***** The data *****

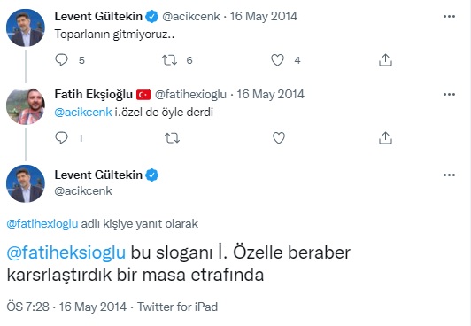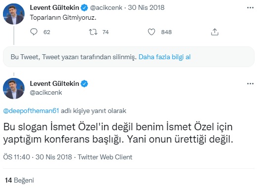 Levent Gültekin, başka bir paylaşımında ise “toparlanın gitmiyoruz” sözü için ” bu sloganı İ. Özelle beraber karsrlaştırdık bir masa etrafında” ifadelerini kullanmıştı.
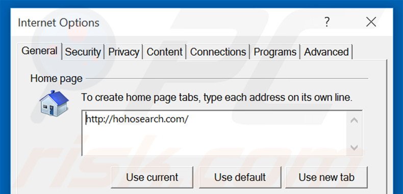 (at the top right corner of Internet Explorer), select "Internet Options", in the opened window, remove hxxp://www.hohosearch.com and enter your preferred domain, which will open each time you launch Internet Explorer.
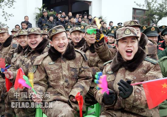 1月7日至8日,由中国文联、贵州省委宣传部主办的中国文联“送欢乐、下基层”赴遵义革命老区慰问活动举行。图为精彩演出受到官兵们的热烈欢迎。中国文联网 孟祥宁、郭青剑 摄
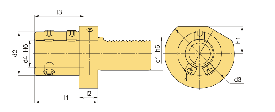 Держатель VDI типа E1 предназначен для крепления инструментов с цилиндрическим хвостовиком диаметром 20 мм. Хвостовик оправки соответствует стандарту VDI30. Этот блок VDI обычно используется для фиксации корпусных сверл с U-образными сменными пластинами, но также может применяться для крепления другого осевого инструмента с хвостовиками, соответствующими стандарту DIN 6595, которым требуется подача охлаждающей жидкости через внутренние каналы и наличие шлица.
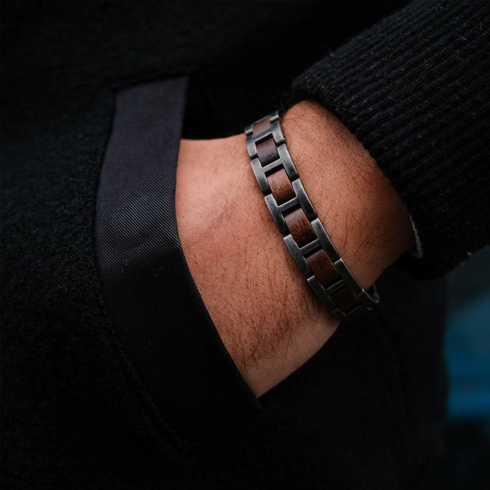 Das Holzkern Acoustic Herren Armband überzeugt durch seine zurückhaltende, zeitlose Ästhetik und ein besonders angenehmes Tragegefühl. Die Kombination aus 12 mm breiten Elementen aus hochwertigem 316L Edelstahl in Antiksilber und edlem Walnussholz verleiht diesem Bandlet eine warme, natürliche Ausstrahlung mit stilvollem Vintage-Charakter. Die feine Holzmaserung macht jedes Armband zu einem Unikat und unterstreicht die individuelle Note dieses besonderen Schmuckstücks.
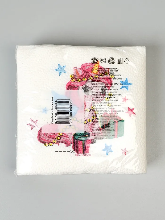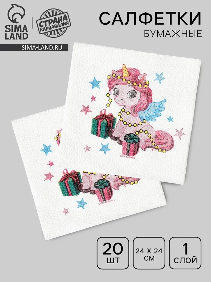 Салфетки бумажные «Лошадка с подарками», однослойные, 24×24 см, 20 шт. — Характеристики
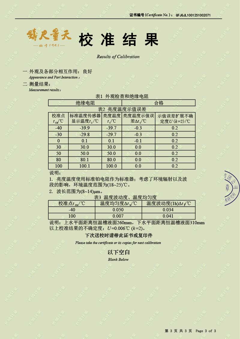 低溫液槽式黑體爐(-40-100℃)校準證書 2025-10-30 本文被閱讀 343 次
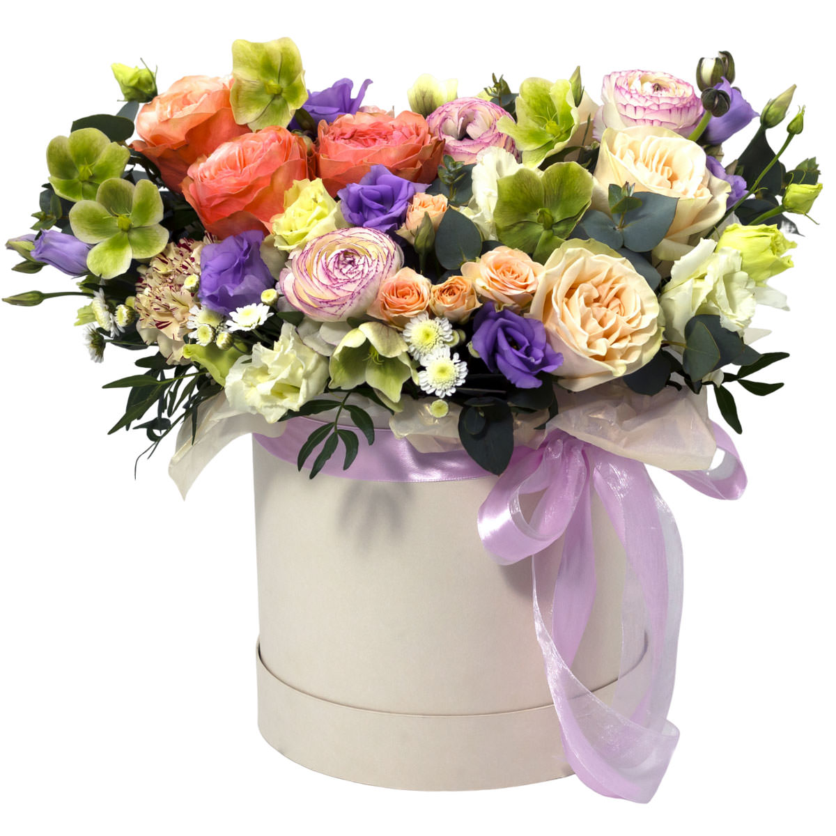Роза одноголовая кремовая и персиковая, роза кустовая персиковая, эустома белая и фиолетовая, ранункулюс Пикоти, морозник зеленый, хризантема кустовая мини белая, гвоздика кремовая, эвкаклипт. Упаковка (шляпная коробка, квадратный бокс, коробка сердце, оазис)
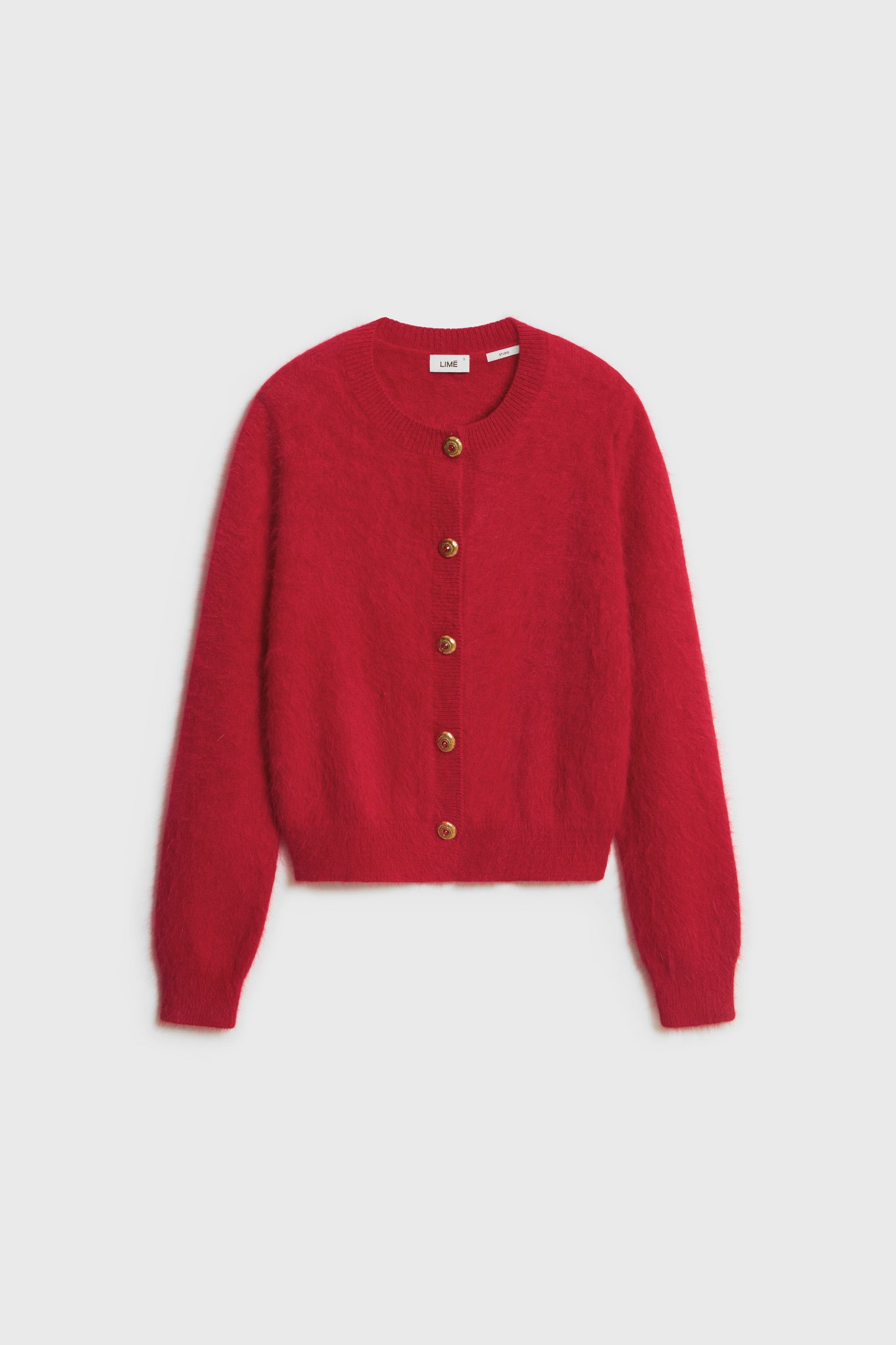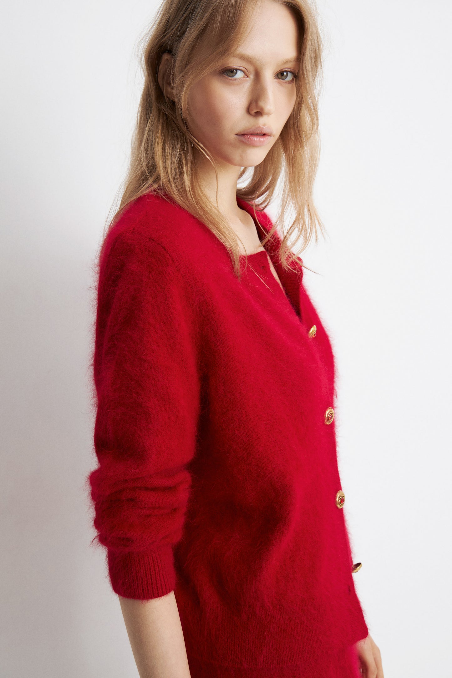 Cardigan in a soft knit with angora wool content. Long sleeves, buttons at front and ribbing at neckline, cuffs, and hem.
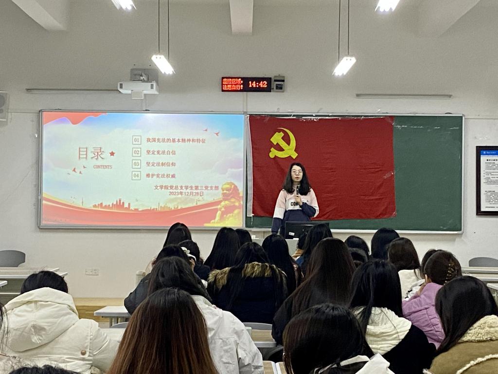 为进一步彰显中国特色社会主义的道路自信、理论自信、制度自信和文化自信,增强全社会的宪法意识,2023年12月28日,bw必威西汉姆联官网党总支学生第一、第二和第三党支部在博学楼2栋104室开展本月主题党日活动,党支部书记、正式党员和预备党员参加。
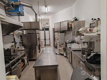 L'attività comprende bar attrezzato, cucina professionale, angolo pizzeria con forno dedicato e reparto rosticceria, permettendo di coprire diverse fasce orarie: colazioni, pranzi, aperitivi, cene e food d'asporto.
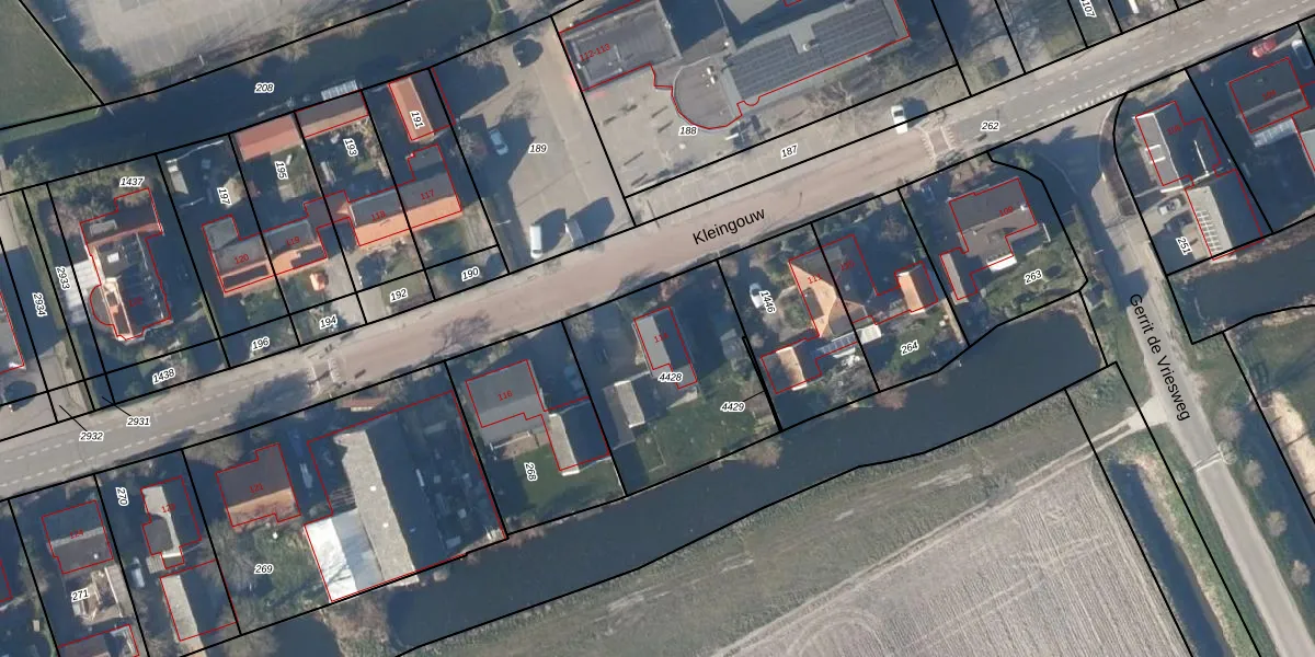 Het perceel waarop Kleingouw 114 staat heeft een oppervlakte van 716 m². Dit is een groot perceel. De perceeloppervlakte wordt geregistreerd door het Kadaster. Gedetailleerde informatie over de maten van dit perceel kunt u vinden in het rapport Kadastrale kaart met maatvoering van Kleingouw 114.
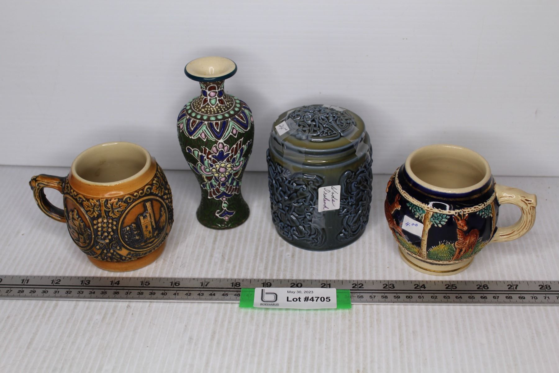 Wade Container w/Lid - Ornate Vase - (2) Steins
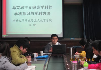 (通讯员:王育锋) 为贯彻落实公司第八次党代会精神,深入践行“公能”素质教育,切实加强研究生班级体建设,响应党委研工部关于组织开展研究生班级主题活动的号召,马克思主义教育公司2011级硕士研究生班于2011年11月27日晚6:30聚集在范孙楼218,聆听了班导师张健老师做的题为“马克思主义理论学科的学科意识与学科方法”的学术报告。
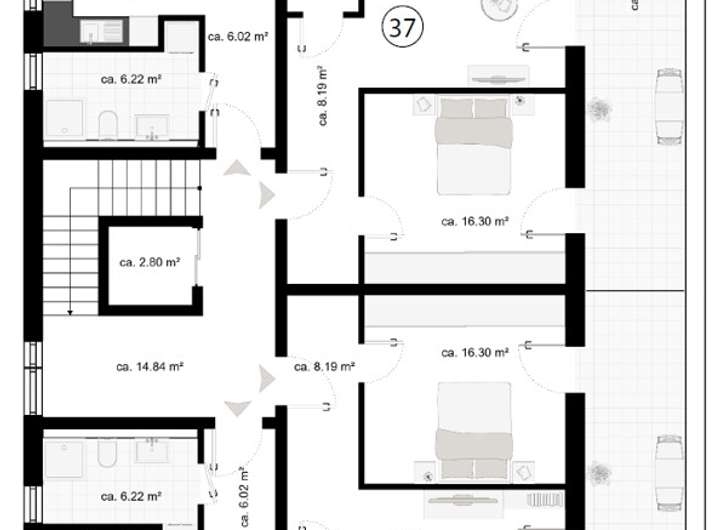Angeboten werden hier zwei baugleiche (Nummer 37 & 38), barrierefreie 2-Zimmer-Penthousewohnungen. Jede Wohnung verfügt über einen hellen Wohn- und Essbereich mit offener Küche und Zugang zu einer großzügigen Dachterrasse, ein gemütliches Schlafzimmer, ein modernes Tageslichtbad mit bodenebener Dusche und Waschmaschinenanschluss sowie einen praktischen Abstellraum. In die Wohnfläche sind 5,1 m² anteilig aus den gemeinschaftlich nutzbaren Flächen eingerechnet. Diese bieten zahlreiche Möglichkeiten für Begegnung und Aktivität. Ein großer Aufenthaltsraum (65m²) mit Teeküche und Außenterrasse lädt zum geselligen Beisammensein oder zum Empfang von Besuch ein. Für Bewegung steht ein Sportraum zur Verfügung, zusätzlich gibt es einen Raum für Physiotherapie oder diverse Pflegeanwendungen.
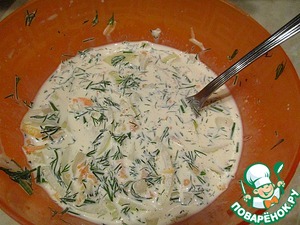 Лук нарезать четверть кольцам, морковь натереть, чеснок натереть на мелкой тёрке, укроп мелко нашинковать, добавить горчицу.
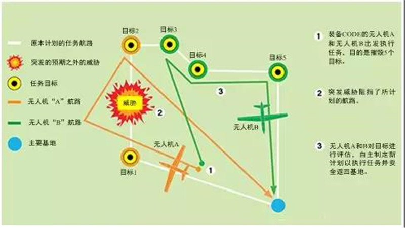 CODE项目将支持多架装备CODE的无人机协同感知、适应并响应预期之外的威胁和新目标。该项目系统可支持共享信息、规划并分配任务目标、协调战术决策并在高威胁环境中作出响应。
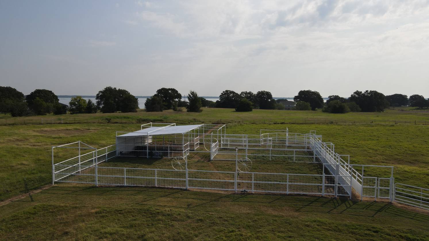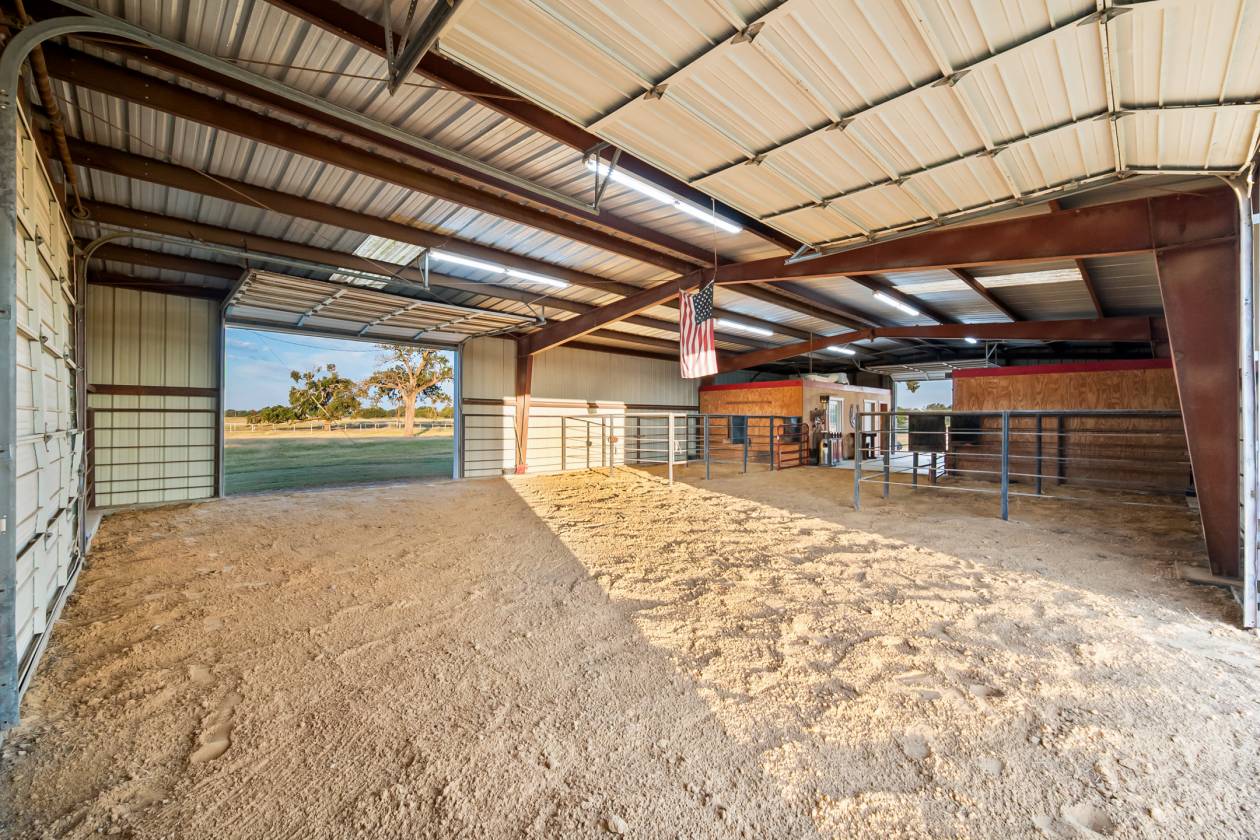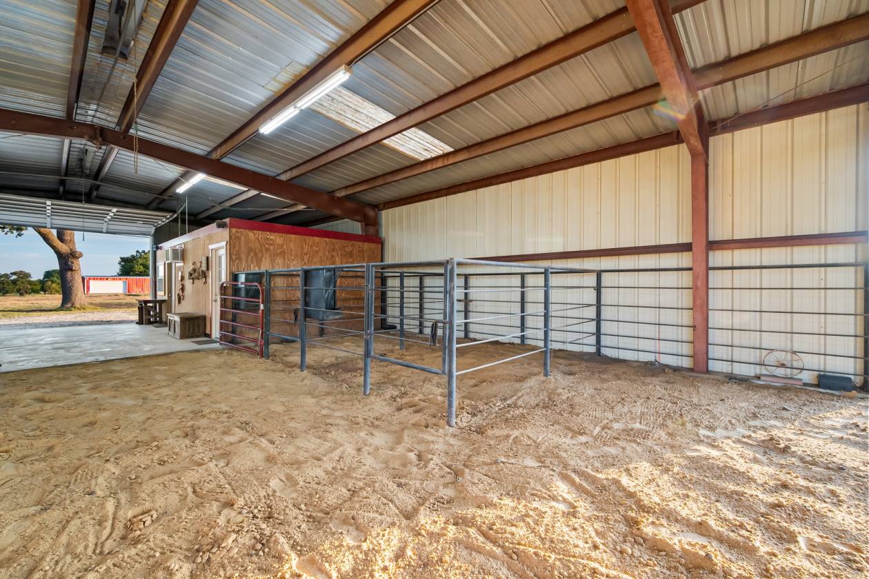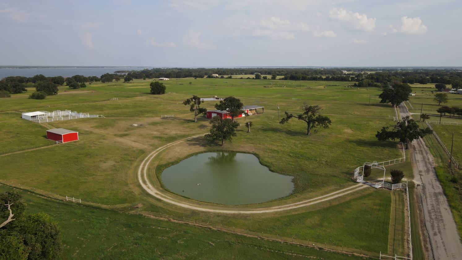 22.5 acres with breathtaking views of Richland Chambers Lake. This versatile property blends ranch living with modern comfort and is designed for those who love the outdoors, livestock, and the lake lifestyle. The centerpiece is a spacious 5,000 sq ft barn that includes comfortable living quarters,thoughtfully designed with both functionality and charm. Inside, you’ll find a welcoming living room with custom built-ins, a full kitchen, a private bedroom, and a full bath—perfect as a retreat, guest quarters, or caretaker’s residence. The barn portion offers 4 horse stalls, a tack room, durable PEX water lines, electricity, septic, and LED lighting throughout. Internet availability ensures you can stay connected while enjoying country living. A second 800 sq ft barn or workshop provides additional flexibility with concrete flooring, water, electricity, and LED lighting—ideal for projects or storage. For equestrian or ranching needs, the property features a pipe corral with a loading chute, 5 individual pens, water, electricity, and LED lighting. Both barns and the corral have been recently painted, enhancing curb appeal and functionality. The land itself is fully fenced with 5 separate pastures, including a productive Coastal Bermuda hay field. Two ponds, stocked with catfish, provide both beauty and recreation. A pipe ornamental automated entrance sets the tone for this private estate. Whether you’re raising cattle, boarding horses, or simply seeking a serene family retreat, this property offers endless possibilities. With lake views from multiple points on the acreage and access to a private subdivision boat ramp, fishing, boating, and family fun are just minutes away. This rare combination of acreage, amenities, and lake proximity makes this property truly one-of-a-kind. It’s the perfect blend of ranch, recreation, and relaxation—all within a stone's throw from Richland Chambers Lake, the 3rd largest lake in Texas!

*****

▶ [Aim of the exercise] The answer must be the lines above from the one containing "L'attività comprende bar" through the one containing "CODE项目将支持多架装备C", reproduced exactly, with no pictures and nothing else.

▶ [Answer to this task]
 L'attività comprende bar attrezzato, cucina professionale, angolo pizzeria con forno dedicato e reparto rosticceria, permettendo di coprire diverse fasce orarie: colazioni, pranzi, aperitivi, cene e food d'asporto.
 Het perceel waarop Kleingouw 114 staat heeft een oppervlakte van 716 m². Dit is een groot perceel. De perceeloppervlakte wordt geregistreerd door het Kadaster. Gedetailleerde informatie over de maten van dit perceel kunt u vinden in het rapport Kadastrale kaart met maatvoering van Kleingouw 114.
 Wade Container w/Lid - Ornate Vase - (2) Steins
 (通讯员:王育锋) 为贯彻落实公司第八次党代会精神,深入践行“公能”素质教育,切实加强研究生班级体建设,响应党委研工部关于组织开展研究生班级主题活动的号召,马克思主义教育公司2011级硕士研究生班于2011年11月27日晚6:30聚集在范孙楼218,聆听了班导师张健老师做的题为“马克思主义理论学科的学科意识与学科方法”的学术报告。
Angeboten werden hier zwei baugleiche (Nummer 37 & 38), barrierefreie 2-Zimmer-Penthousewohnungen. Jede Wohnung verfügt über einen hellen Wohn- und Essbereich mit offener Küche und Zugang zu einer großzügigen Dachterrasse, ein gemütliches Schlafzimmer, ein modernes Tageslichtbad mit bodenebener Dusche und Waschmaschinenanschluss sowie einen praktischen Abstellraum. In die Wohnfläche sind 5,1 m² anteilig aus den gemeinschaftlich nutzbaren Flächen eingerechnet. Diese bieten zahlreiche Möglichkeiten für Begegnung und Aktivität. Ein großer Aufenthaltsraum (65m²) mit Teeküche und Außenterrasse lädt zum geselligen Beisammensein oder zum Empfang von Besuch ein. Für Bewegung steht ein Sportraum zur Verfügung, zusätzlich gibt es einen Raum für Physiotherapie oder diverse Pflegeanwendungen.
 Лук нарезать четверть кольцам, морковь натереть, чеснок натереть на мелкой тёрке, укроп мелко нашинковать, добавить горчицу.
 CODE项目将支持多架装备CODE的无人机协同感知、适应并响应预期之外的威胁和新目标。该项目系统可支持共享信息、规划并分配任务目标、协调战术决策并在高威胁环境中作出响应。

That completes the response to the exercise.